== Source material
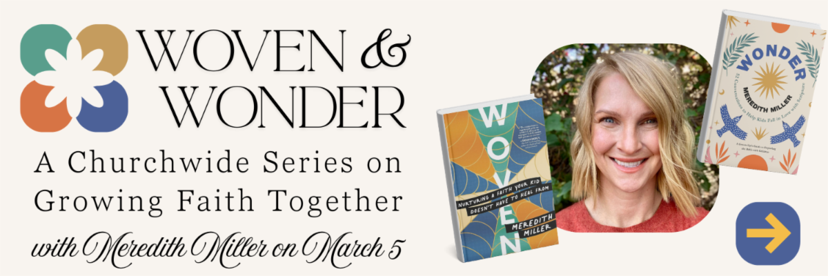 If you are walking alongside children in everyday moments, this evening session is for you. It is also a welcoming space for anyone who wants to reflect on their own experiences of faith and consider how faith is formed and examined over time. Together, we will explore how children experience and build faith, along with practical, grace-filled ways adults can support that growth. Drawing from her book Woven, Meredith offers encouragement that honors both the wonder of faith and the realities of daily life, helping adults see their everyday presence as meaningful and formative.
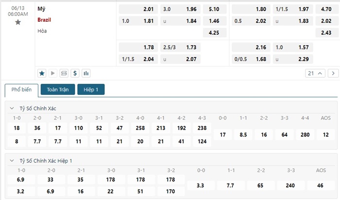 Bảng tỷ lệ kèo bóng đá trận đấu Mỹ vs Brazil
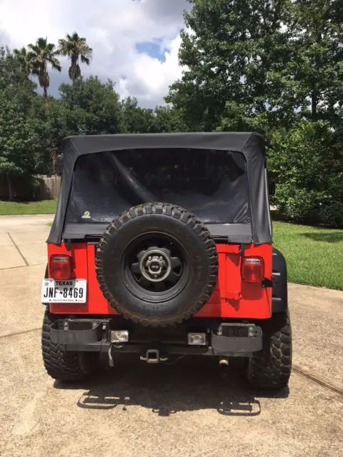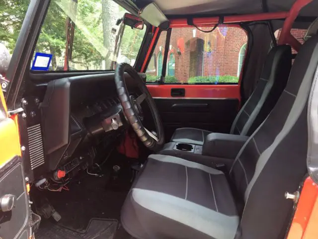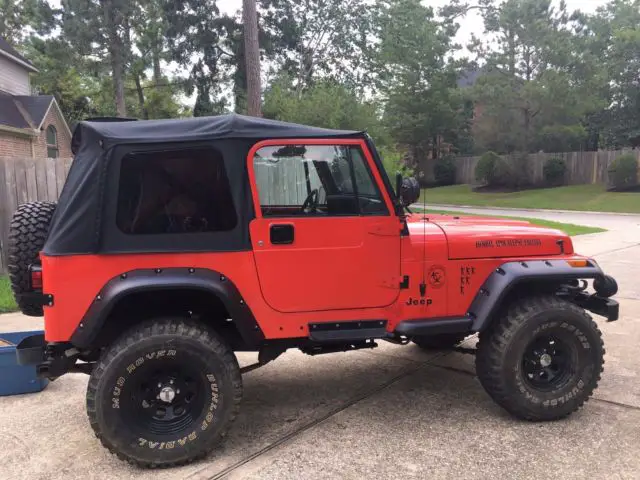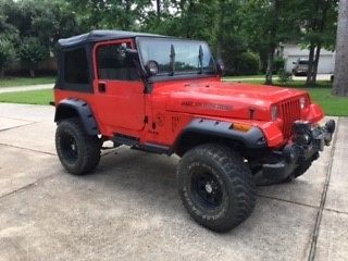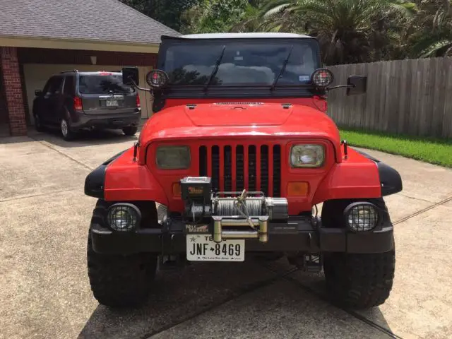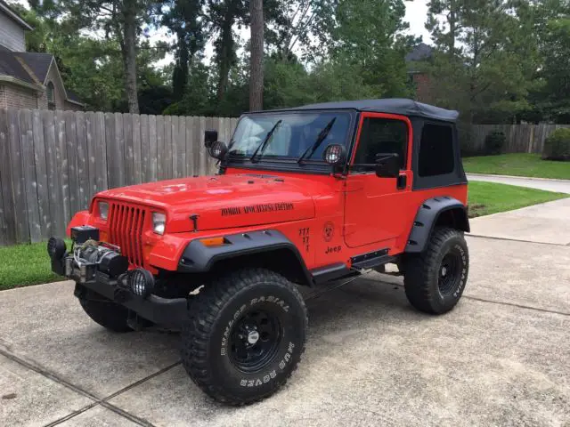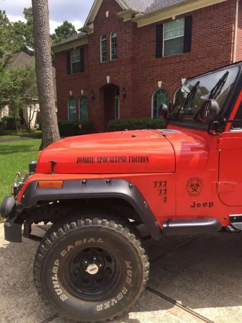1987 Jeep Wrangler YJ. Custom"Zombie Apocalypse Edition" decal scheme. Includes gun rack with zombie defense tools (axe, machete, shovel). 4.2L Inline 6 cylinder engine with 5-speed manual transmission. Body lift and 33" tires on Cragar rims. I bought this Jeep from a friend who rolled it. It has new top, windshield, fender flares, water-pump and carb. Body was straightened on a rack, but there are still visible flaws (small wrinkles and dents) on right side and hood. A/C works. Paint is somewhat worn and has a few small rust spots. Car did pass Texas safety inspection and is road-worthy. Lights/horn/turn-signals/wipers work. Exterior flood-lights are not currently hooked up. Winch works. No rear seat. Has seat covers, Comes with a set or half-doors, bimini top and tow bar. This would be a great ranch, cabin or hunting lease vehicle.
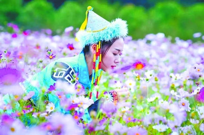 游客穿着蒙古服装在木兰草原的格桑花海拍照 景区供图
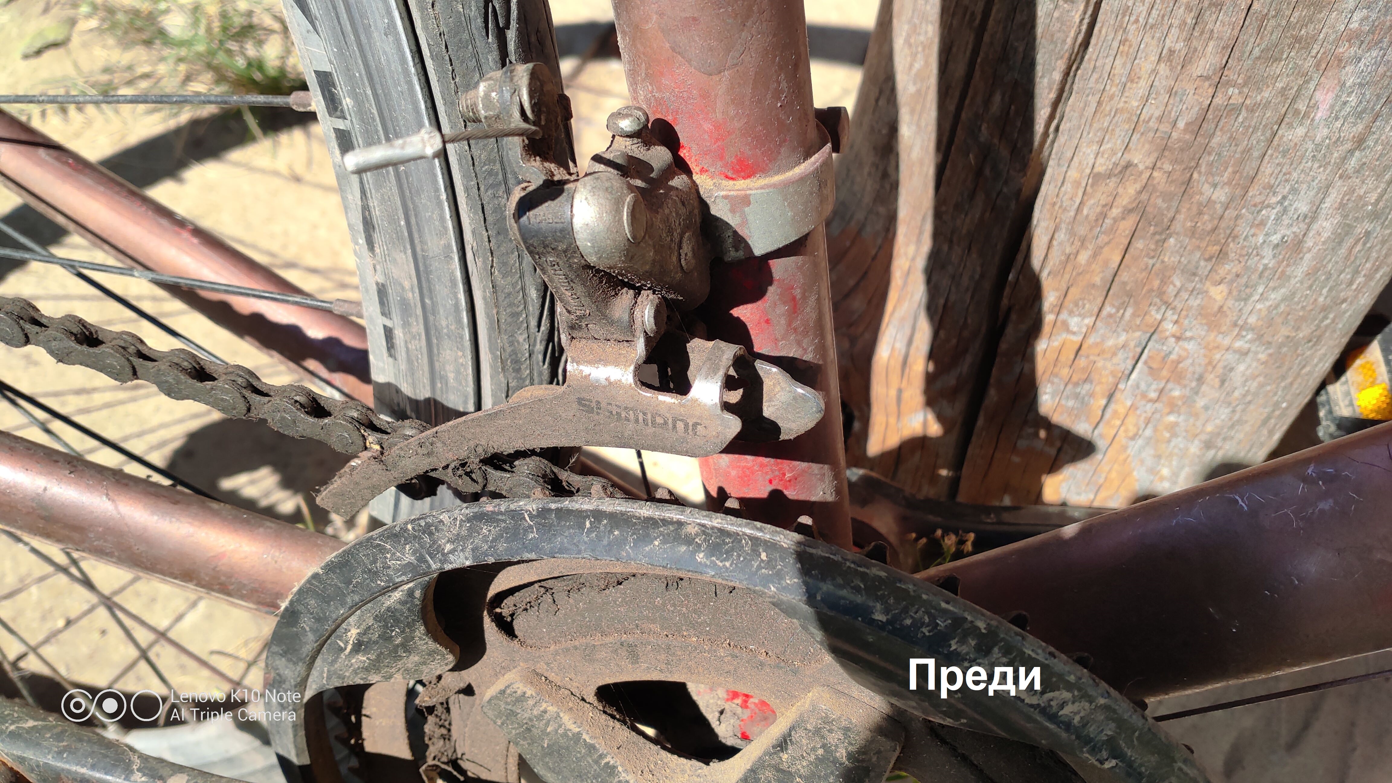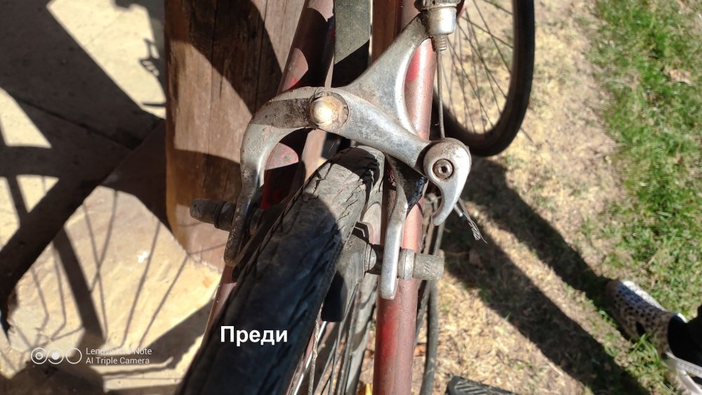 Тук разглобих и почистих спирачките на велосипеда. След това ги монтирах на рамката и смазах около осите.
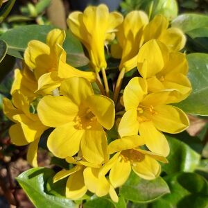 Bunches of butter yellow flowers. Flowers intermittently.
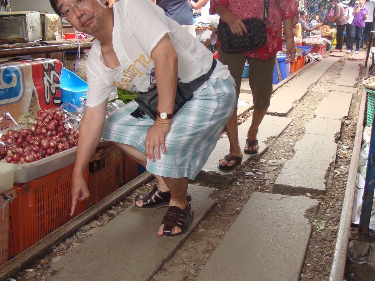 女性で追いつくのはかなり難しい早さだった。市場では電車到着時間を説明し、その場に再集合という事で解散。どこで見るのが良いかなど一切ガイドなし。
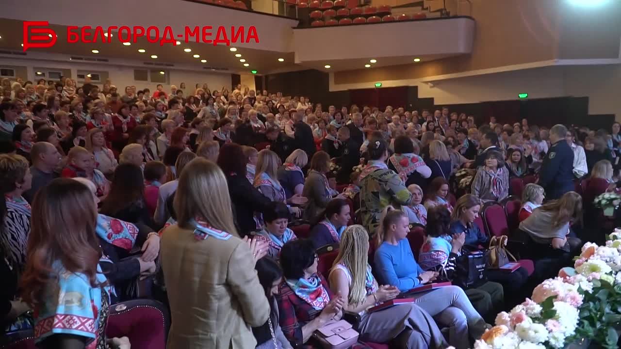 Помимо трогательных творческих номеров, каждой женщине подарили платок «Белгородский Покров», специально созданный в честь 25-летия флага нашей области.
====
### [Exercise]
Every entry belongs in the answer exactly as written, but no picture does.

### [Output below]
 If you are walking alongside children in everyday moments, this evening session is for you. It is also a welcoming space for anyone who wants to reflect on their own experiences of faith and consider how faith is formed and examined over time. Together, we will explore how children experience and build faith, along with practical, grace-filled ways adults can support that growth. Drawing from her book Woven, Meredith offers encouragement that honors both the wonder of faith and the realities of daily life, helping adults see their everyday presence as meaningful and formative.
 Bảng tỷ lệ kèo bóng đá trận đấu Mỹ vs Brazil
1987 Jeep Wrangler YJ. Custom"Zombie Apocalypse Edition" decal scheme. Includes gun rack with zombie defense tools (axe, machete, shovel). 4.2L Inline 6 cylinder engine with 5-speed manual transmission. Body lift and 33" tires on Cragar rims. I bought this Jeep from a friend who rolled it. It has new top, windshield, fender flares, water-pump and carb. Body was straightened on a rack, but there are still visible flaws (small wrinkles and dents) on right side and hood. A/C works. Paint is somewhat worn and has a few small rust spots. Car did pass Texas safety inspection and is road-worthy. Lights/horn/turn-signals/wipers work. Exterior flood-lights are not currently hooked up. Winch works. No rear seat. Has seat covers, Comes with a set or half-doors, bimini top and tow bar. This would be a great ranch, cabin or hunting lease vehicle.
 游客穿着蒙古服装在木兰草原的格桑花海拍照 景区供图
 Тук разглобих и почистих спирачките на велосипеда. След това ги монтирах на рамката и смазах около осите.
 Bunches of butter yellow flowers. Flowers intermittently.
 女性で追いつくのはかなり難しい早さだった。市場では電車到着時間を説明し、その場に再集合という事で解散。どこで見るのが良いかなど一切ガイドなし。
 Помимо трогательных творческих номеров, каждой женщине подарили платок «Белгородский Покров», специально созданный в честь 25-летия флага нашей области.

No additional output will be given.